Each loan type has its own advantages and disadvantages.  To fully understand the value of each loan program, you should compare the specific features, including loan terms, interest rates, origination fees, and conditions.  Do your homework – read the fine print and equip yourself with the knowledge to make an educated decision about the loan that is right for you.

Benefits of Federal Loans (Direct Unsubsidized Loans and Direct PLUS Loans)

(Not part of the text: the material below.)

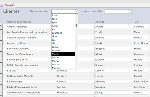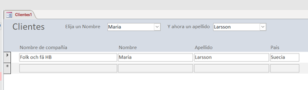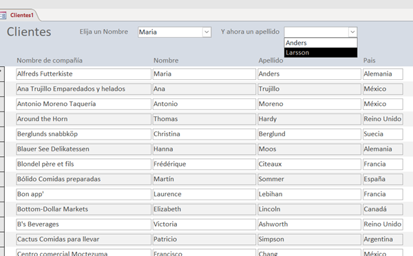 Es decir, que el origen de registros del formulario, sean aquellos de la tabla Clientes, en que su nombre coincida con el elegido en el primer combinado y su apellido coincida con lo elegido en el segundo combinado.

  • Affordable monthly payments are available; several repayment plans offer payments based on income.
  • Flexible repayment terms allow borrowers to change their repayment plan as their financial goals or situation changes.
  • Loan forgiveness may be available through programs like Public Service Loan Forgiveness (PSLF), and Income-Driven Repayment plans. 
  • Postponing payments during residency and fellowship are possible through grace, deferment, or forbearance options.
  • Most federal loans are eligible for consolidation through the Direct Consolidation Loan program.
  • A student who is not in default and has not exceeded cumulative loan limits may borrow (if eligible) a Direct Unsubsidized Loan, regardless of credit history.
  • Direct PLUS Loans are available to cover any remaining costs (up to the school’s Cost of Attendance). A Direct PLUS Loan DOES require a credit check. If the borrower has adverse credit, an endorser/co-borrower will be needed for approval.
  • Interest rates vary by loan type; however, once a loan is disbursed, it has a fixed rate. Rates are recalculated for each academic year, which begins on July 1.

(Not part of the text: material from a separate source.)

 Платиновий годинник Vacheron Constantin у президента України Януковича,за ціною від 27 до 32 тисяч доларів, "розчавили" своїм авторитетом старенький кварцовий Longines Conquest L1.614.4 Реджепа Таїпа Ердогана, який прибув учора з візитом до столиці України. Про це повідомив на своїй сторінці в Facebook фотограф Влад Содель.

Before Borrowing a Private Student Loan, Consider the Following

  • Private loan programs may offer variable or fixed interest rates. The rate will have an impact on the total cost of the loan.
  • Variable rates for private loans may start low, but the rate can rise or fall as the rate indexes change. Check to see if there is a cap on the interest rate.
  • Loan rates are based on the borrower’s credit worthiness. A co-borrower may be needed to help secure a better interest rate. (Co-borrower’s credit needs and the length of the co-borrower’s obligation should be considered carefully before committing to the loan). Interest rate indexes can be compared at www.bankrate.com.
  • Repayment may or may not be required while in school, residency, or fellowship. Review the terms of the promissory note.
  • In comparison to federal loan options, repayment, deferment, forbearance, grace, and loan forgiveness options may be limited.
  • Death and/or disability loan discharge may or may not be available. Check with the lender of the loan.

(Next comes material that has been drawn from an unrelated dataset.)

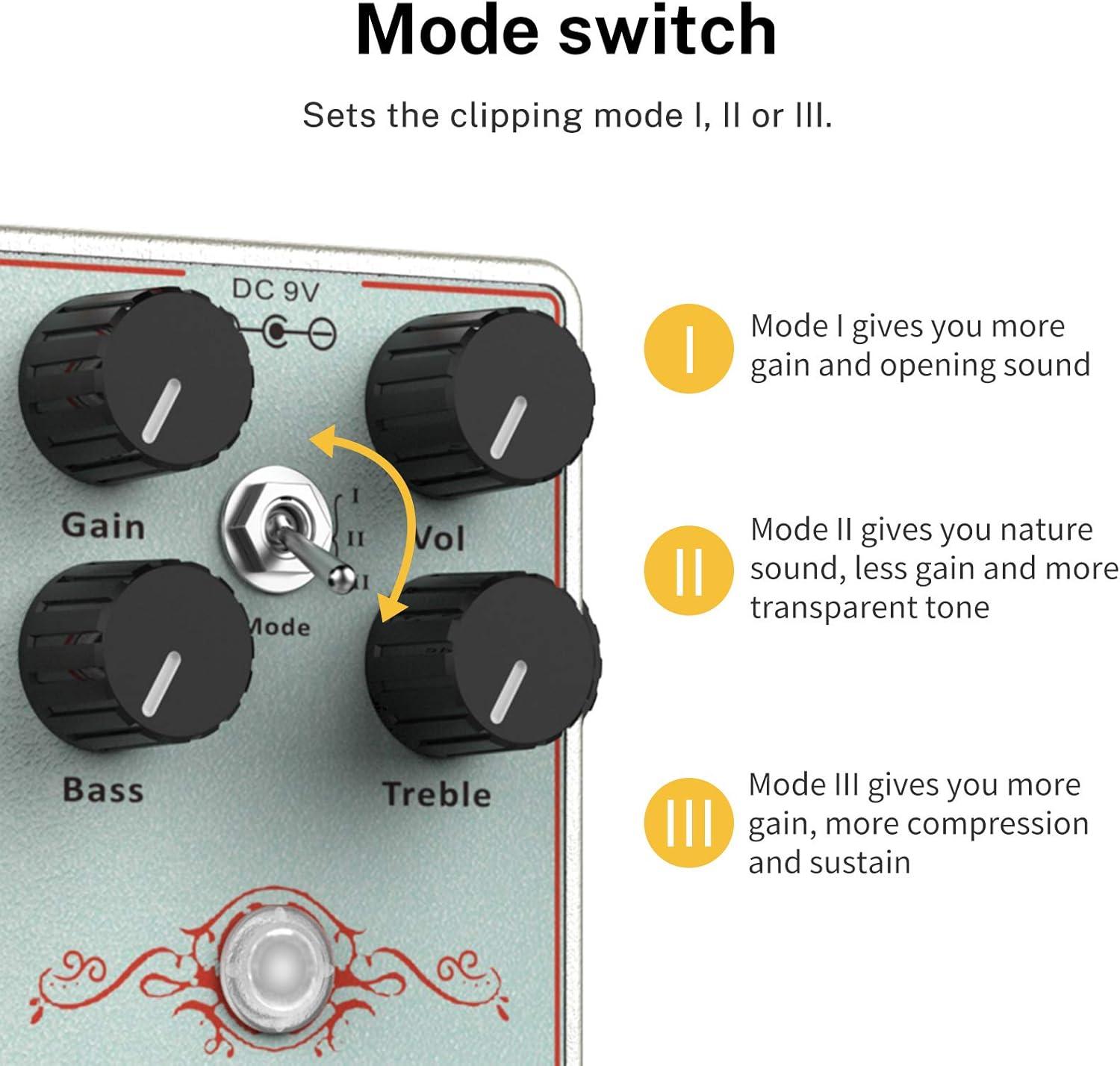 【Two Practical Modes】Equipped with a mode selector switch, the Lax guitar compression pedal allows more dynamics ranging from smooth tone to robust and vivid sound.

A private loan may make sense if...

  • The borrower is ineligible for federal student aid.
  • The rate of the private debt is lower than the federal debt, and the rate is expected to remain lower for the length of repayment.
  • A borrower is certain of significant income in a short period of time and will aggressively repay the loan, thereby paying less overall.
  • The borrower has access to additional funds to repay the loan even when residency income is limited.